Figure 5. Schematic of electrostatic repulsion.

2.1.3. Growth Inhibition

Growth inhibition, an uncommon stabilizing mechanism, means that some additives can inhibit the growth kinetics of V2O5 precipitates in the vanadium electrolyte. As shown in Figure 6, the V2O5 precipitates can generally grow with increasing time without additives. However, after introducing some specific additives, the surfaces of the nucleation sites of the V2O5 were adsorbed by various molecules to lower the growth rate of V2O5 precipitates, lengthening the induction time of precipitation and reducing the sizes of V2O5 particles [43,52,54].

Figure 6. Schematic of growth inhibition.

2.2. Electrochemical Mass Transfer Enhancement Mechanism

As Figure 7 shows, the Helmholtz model depicts how the opposite charges can form a set of polar plates in an electrolyte due to mutual attraction in the electrode–electrolyte interface, further forming a capacitor to store energy, which is called the electric double layer. The whole process of redox reaction is divided into a reaction region and a transfer region, whose rates are co-controlled by electron transfer and migrating mass transfer. The high charge gradient in the region of the electric double layer reduces the mass transfer rate of the solid–liquid interface and accelerates the reaction rate. Therefore, in the transfer region, the rate of transfer usually slows down, thus limiting the electrochemical performance, including energy efficiency, capacity retention rate, and the properties of charging and discharging. Accordingly, the mass transfer of electric double layers becomes an important speed-controlled step of electrochemical kinetics.

Figure 7. Schematic of the mass transfer of electric double layers.

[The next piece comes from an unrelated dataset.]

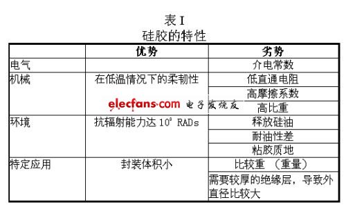 硅膠(表I)主要用于電纜護套,在低溫環(huán)境下仍能保持高柔韌性。但是,它易斷,而且其粘性表面會產(chǎn)生比較高的摩擦力,所以不適合潔凈室環(huán)境。硅膠的抗拉伸強度和抗撕裂強度比較低,因此使用此種材料制作的護套比其他材質(zhì)更厚??梢酝ㄟ^某些表面處理的方法降低摩擦系數(shù),但是隨著時間的推移,這些處理會被漸漸磨損掉。硅膠具有極好的耐輻射性,但是可用于制作電纜護套的硅膠等級已眾所周知,因為在真空應用中,比如熱真空艙的應用中,會產(chǎn)生硅油泄漏。如果還需要考慮重量因素,那么硅膠就不是最佳選擇。如果重點在于其柔韌性而不在于重量,則硅膠是一個理想選擇。但是,處理硅膠電纜內(nèi)的導體需要更多人工,從而導致更高的終端接頭裝配成本。

The foremost mechanism of enhancing electrochemical mass transfer is that additives can be adsorbed on the surface of the electrode to promote active sites to form a “hydrophilic modification” to electrodes, mainly including hydroxyl, the sulfonic group, pyridyl, and other hydrophilic functional groups, or certain ions [32,57], as illustrated in Figure 8. This modifying behavior to electrodes can activate the interfacial activity between electrodes and the electrolyte, accelerating both the redox reaction of vanadium ions in all valences and the migration mass transfer. Alternatively, additives, such as taurine, MSA, PPS, benzoyl peroxide, and so on, can reduce the overpotential of the VRFB to facilitate the migrating mass transfer, reducing the resistance of the electric double layer and enhancing the kinetics of redox reactions [58–62].

Figure 8. Schematic of the mechanism of electrochemical mass transfer enhancers.